- How are gastrointestinal carcinoid tumors treated?
- Surgery for gastrointestinal carcinoid tumors
- Chemotherapy for gastrointestinal carcinoid tumors
- Radiation therapy for gastrointestinal carcinoid tumors
- Clinical trials for gastrointestinal carcinoid tumors
- Complementary and alternative therapies for gastrointestinal carcinoid tumors
- Treatment of gastrointestinal carcinoid tumors by stage
- More treatment information about gastrointestinal carcinoid tumors
Surgery for gastrointestinal carcinoid tumors
Most GI carcinoid tumors can be cured by surgery alone. The type of operation will depend on a number of factors, including the size and location of the tumor, whether the person has any other serious diseases, and whether the tumor is causing the carcinoid syndrome.

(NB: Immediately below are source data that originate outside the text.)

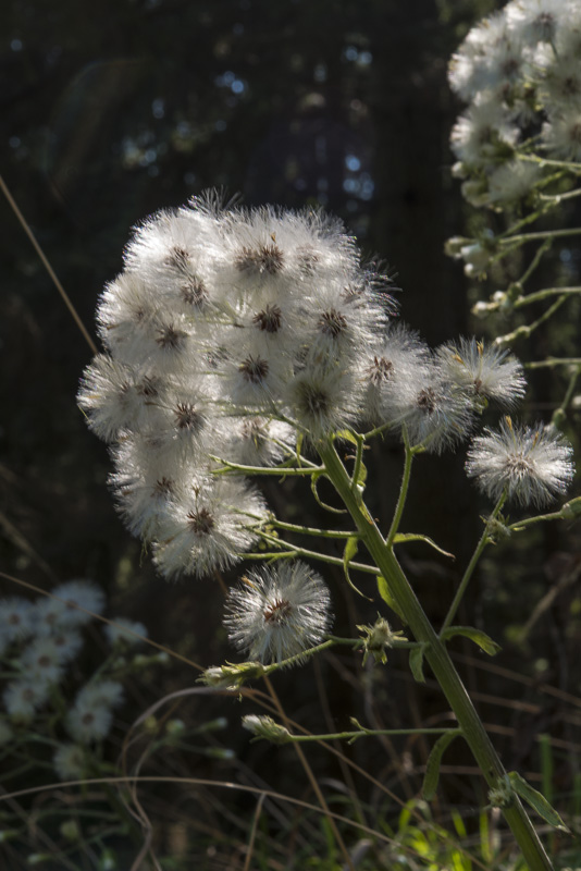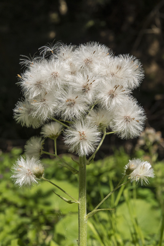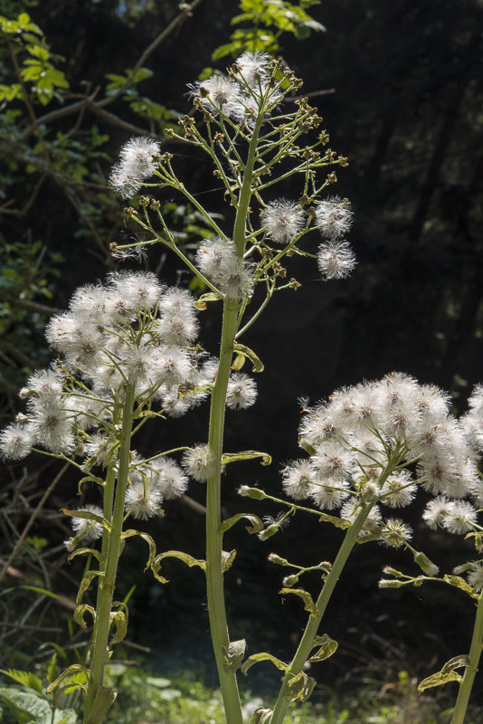 Die weiße Pestwurz (Petasites albus) hat jetzt hübsche Fruchtstände.
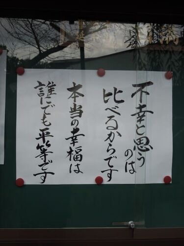 久しぶりにお寺の掲示板。 不幸と思うのは比べるからです。本当の幸福は誰にでも平等です。 なるほど。自分より上を見たら、不幸やて思てしまうわな。 そやけど自分より下を見たら幸福やて思うやん。つまり幸福やと思うのも比べるからなんやな。 いやいや、…
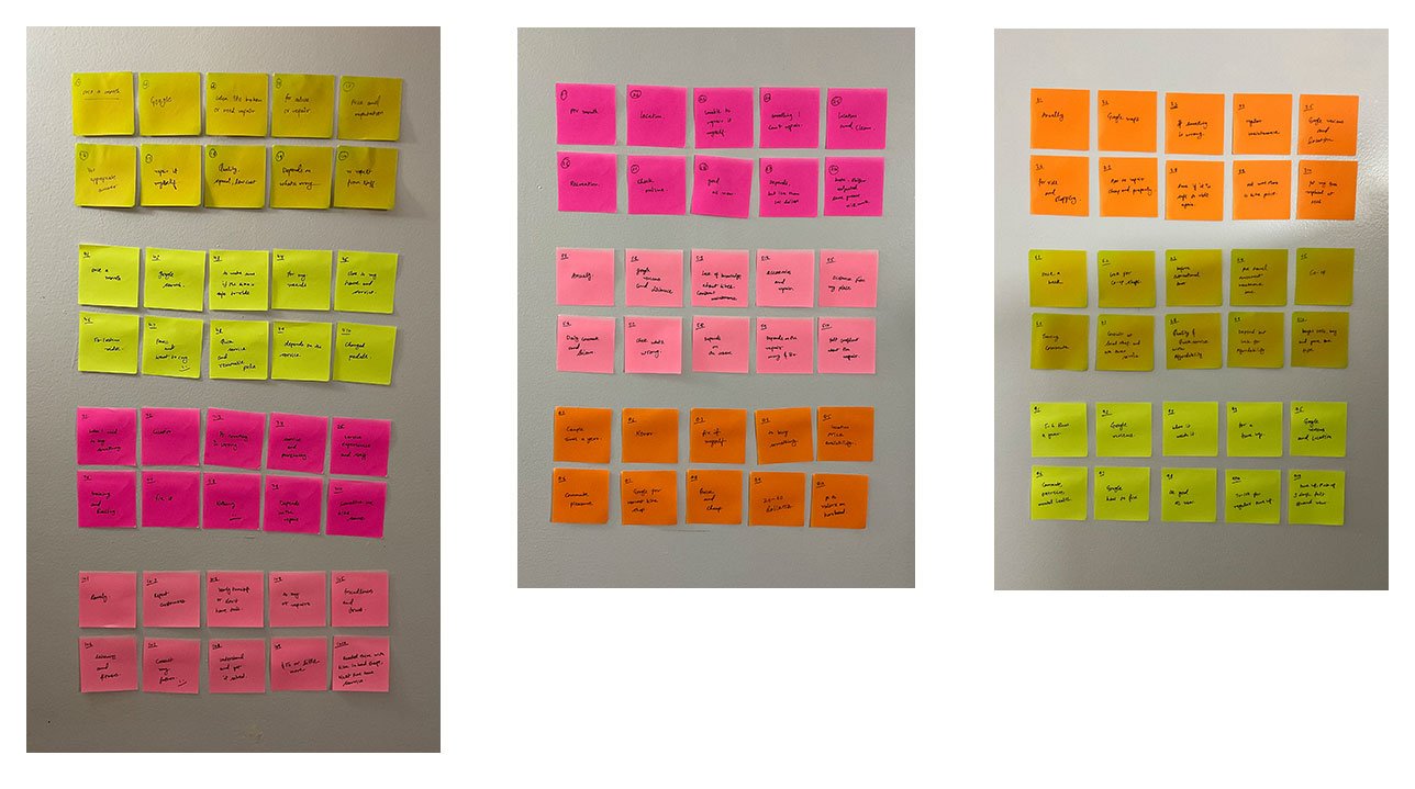 First, I started by categorizing my notes into the categories of Doing, Thinking-Feeling, Seeing, Hearing, Gains, and Pains to get an overall understanding of everything learned during my interviews with the different participants.
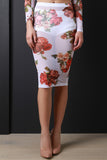 Semi-Sheer Mesh Floral Print Midi Skirt

Surgeons often try to cure localized carcinoid tumors by removing them completely, which is usually successful. The options for GI carcinoid tumors that have spread locally or distantly are more complex. Because most carcinoid tumors grow very slowly and some do not cause any symptoms, completely removing all metastatic carcinoid tumors may not always be needed. In some patients, surgery to remove all visible cancer is the best option. This is particularly true if removing most of the cancer will reduce the level of hormone-like substances causing symptoms.
Several types of operations may be used to treat GI carcinoid tumors. Some of these remove the primary tumor (where the cancer started), while others remove or destroy cancer spread (metastases) in other organs.
This treatment destroys a tumor by heating it with electric current. It is sometimes used for small rectal carcinoid tumors, which can be reached fairly easily.
Endoscopic mucosal resection
In this procedure, the cancer is removed through an endoscope. This is most often used to treat small carcinoid tumors of the stomach and duodenum (the first part of the small intestine) and it can be used to remove small carcinoid tumors of the rectum.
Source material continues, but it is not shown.